Tangannya bisa menggapai tubuh itu. Lalu kejadian kecelakaan itu apa? Apa iya hanya sebuah mimpi? Tapi, kenapa begitu terasa seperti nyata?
“Mam, apa yang terjadi?“ kata Pricilla sembari menangis. “Teman-temanku di mana?”
“Kamu itu hanya mimpi buruk, orang waktu mama pulang dari jualan, kamu tertidur di teras, makanya mama papah ke kamar.” Alya tertawa tipis. “Mama masih napas,” sambungnya.
Rasanya, Pricilla begitu bahagia. Ternyata kabar duka itu hanya lah sebuah impi belaka. Walaupun, semua makhluk hidup akan mengalami sebuah kematian, setidaknya takdir Alya masih diberi umur.
“Ma, Prissy sayang Mama. Jangan tinggalin Prissy sendirian, ya?” kata Pricilla sembari memeluk ibunya.
“Doakan Mama panjang umur.

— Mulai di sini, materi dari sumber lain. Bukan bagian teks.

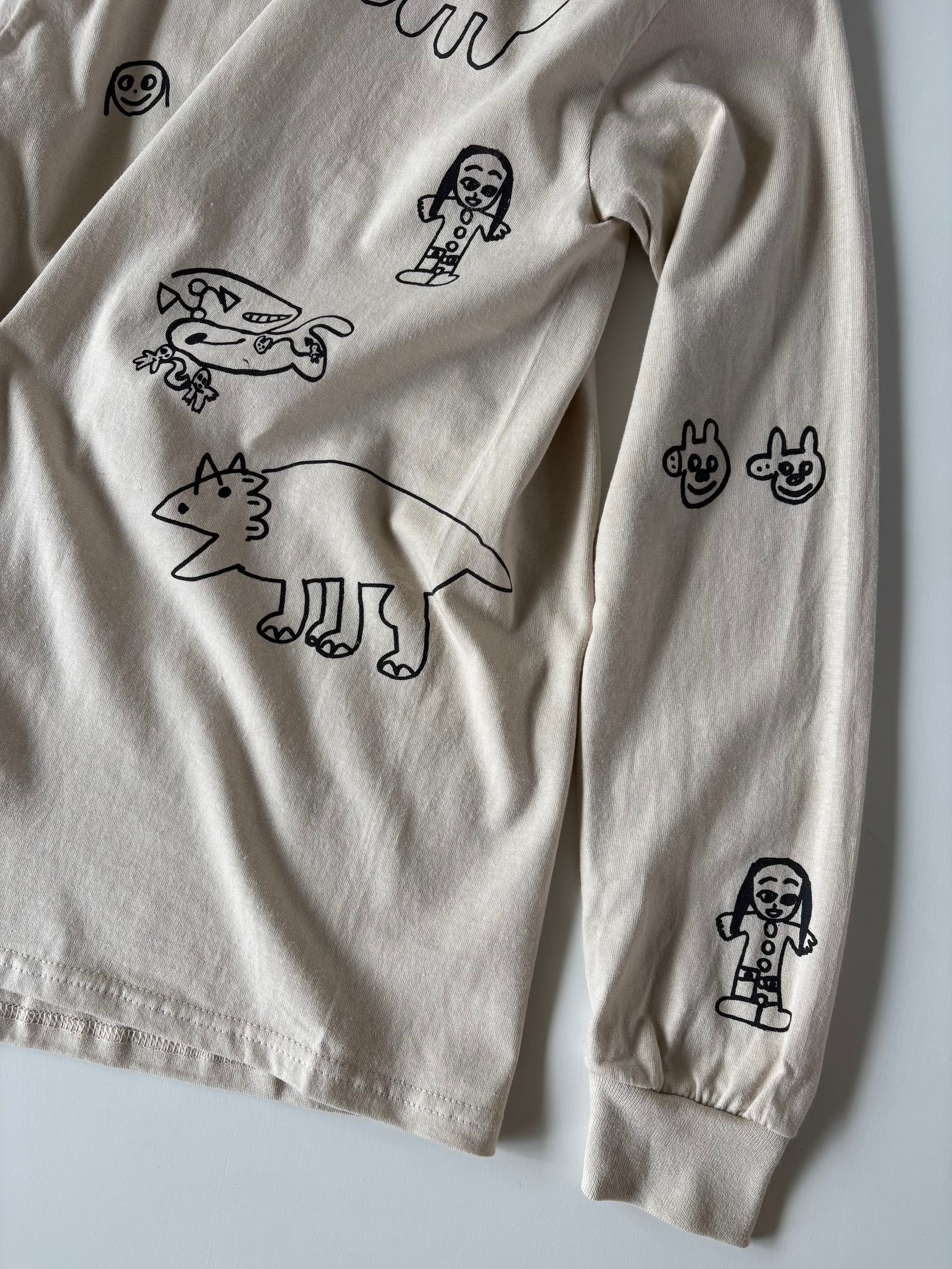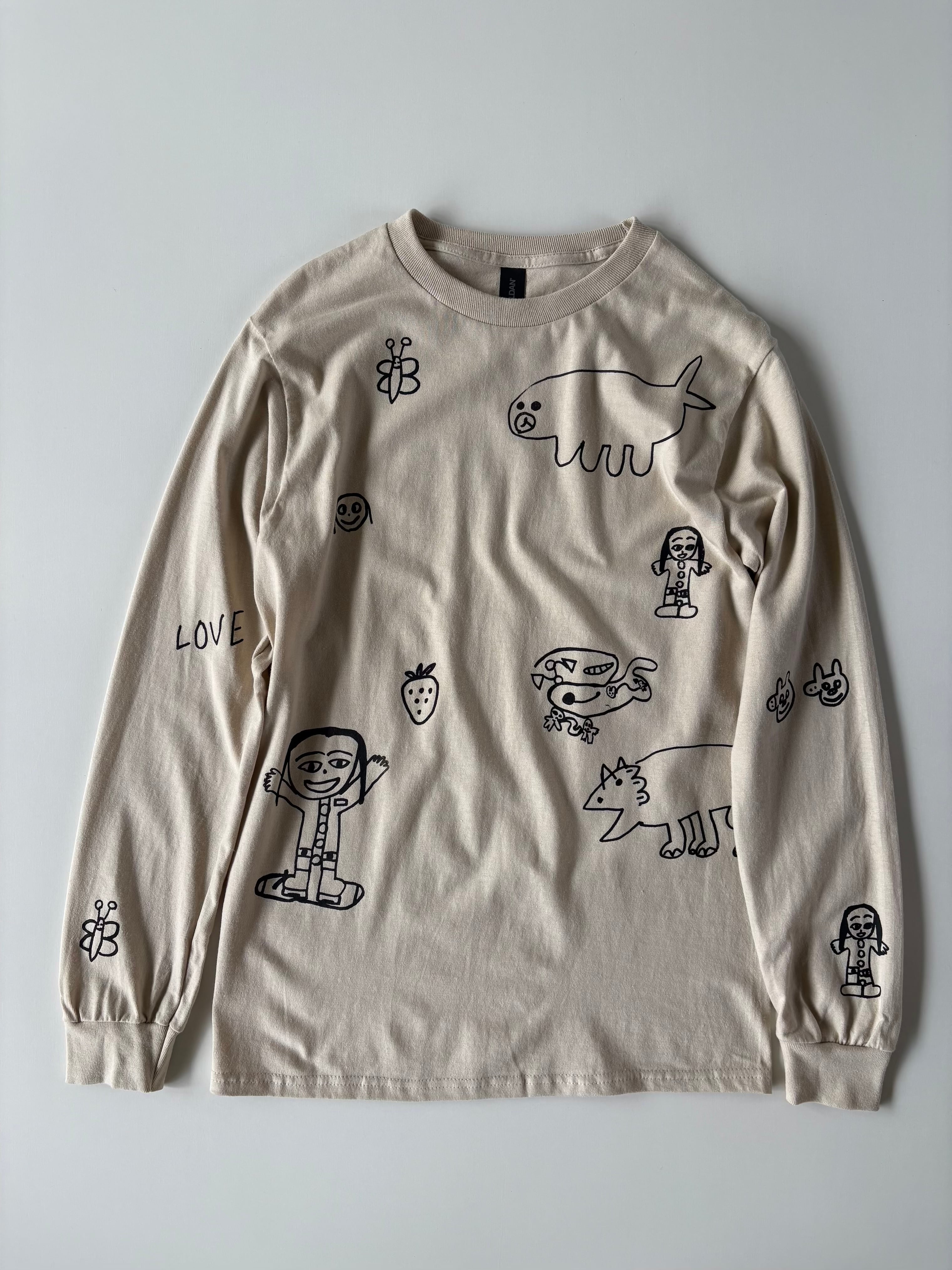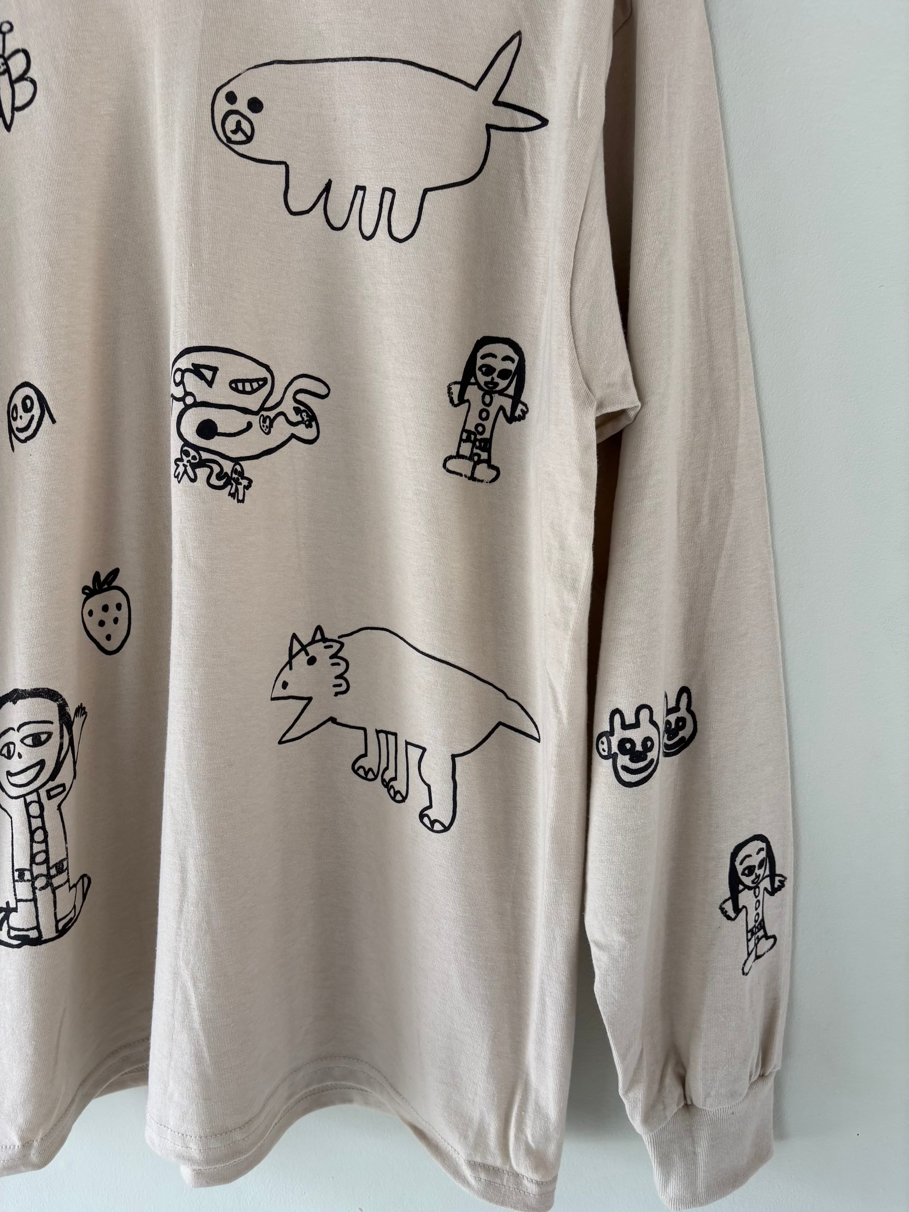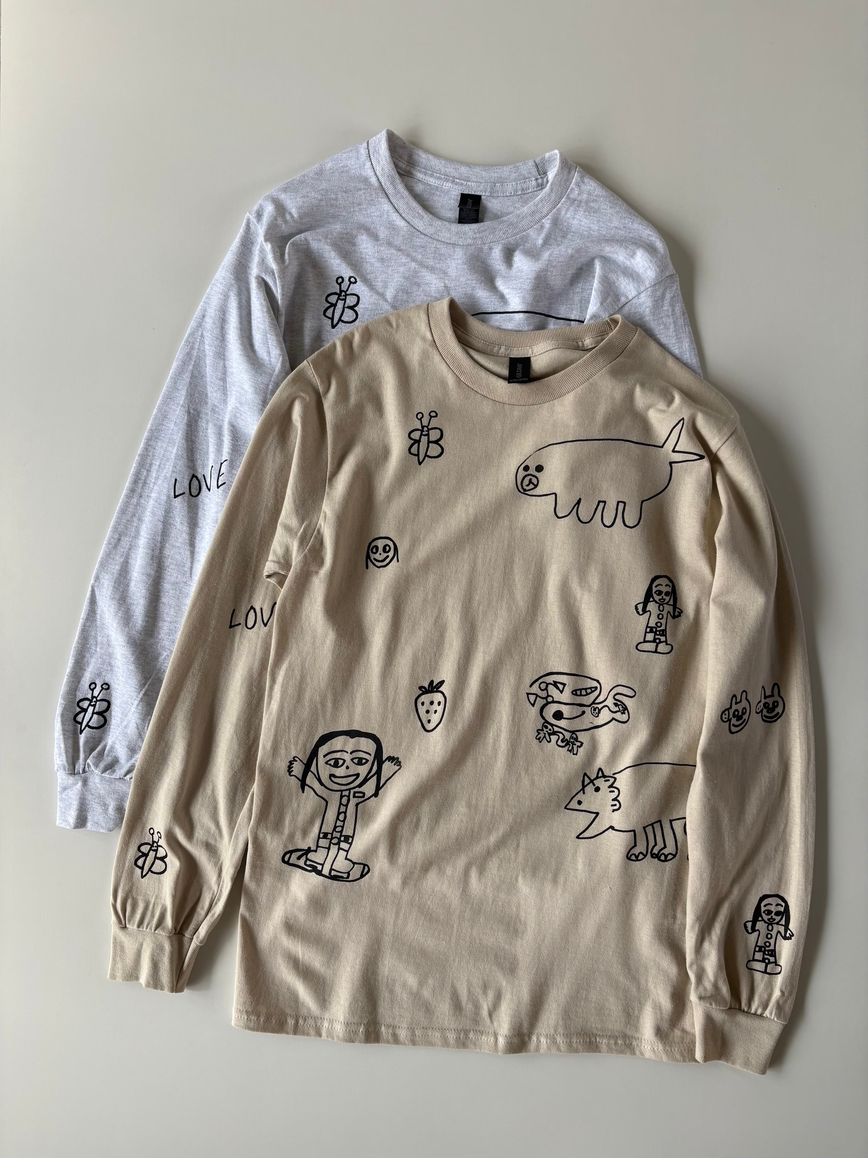 当店 長女と次女の手描きデザインで 一枚一枚小さなシルクスクリーンの版を製作しプリントしたオリジナルのロンTです。
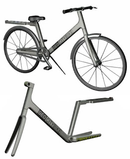 While I am posting, I’ll mention this link to a city bike project that a reader, Casper, recently sent to me. The project bike, shown here, was designed by students at the Koln International School of Design in Cologne, Germany. You can see some of the design details, including what I assume to be an integrated GPS based cyclocomputer/ navigation system and a modular carrying rack with compartments for tools and supplies, on the project website.

Terus, selalu menjadi anak yang baik, biar Mama gak naik darah mulu,” katanya diselingi tawa.
Jangan pernah mengecewakan orang tua selagi masih ada. Apalagi menyia-nyiakan mereka. Sebab, jalan menuju surga salah satunya adalah berbakti kepada orang tua. Sayangi dan patuhi orang tua. Buat mereka bangga dan bahagia. Mungkin, mimpi buruk yang dialami oleh Pricilla merupakan cara Allah menegurnya. Allah meminta kepada Pricilla agar selalu menghormati ibunya. Tidak menyusahkan lagi ibunya.
“Mam, besok kalau Prissy sudah sukses, ikut Prissy, ya?” katanya sembari tersenyum sangat manis.
“Ke mana?” tanya Alya.
“Keliling Indonesia,” celetuk Pricilla sembari mengusap matanya yang masih terasa kantuk.
“Aamiin, sekarang bantu Mama membuat donat. Kan kamu doang yang bisa menghias donat sampai terlihat menggoda mata.” Alya menarik lengan putrinya.
“Mereka berjalan ke dapur untuk membuat adonan donat. Lagi-lagi hati Pricilla begitu menaruh rasa syukur yang besar kepada Allah. Tuhan yang begitu baik padanya. Masih memberinya sebuah kesempatan emas.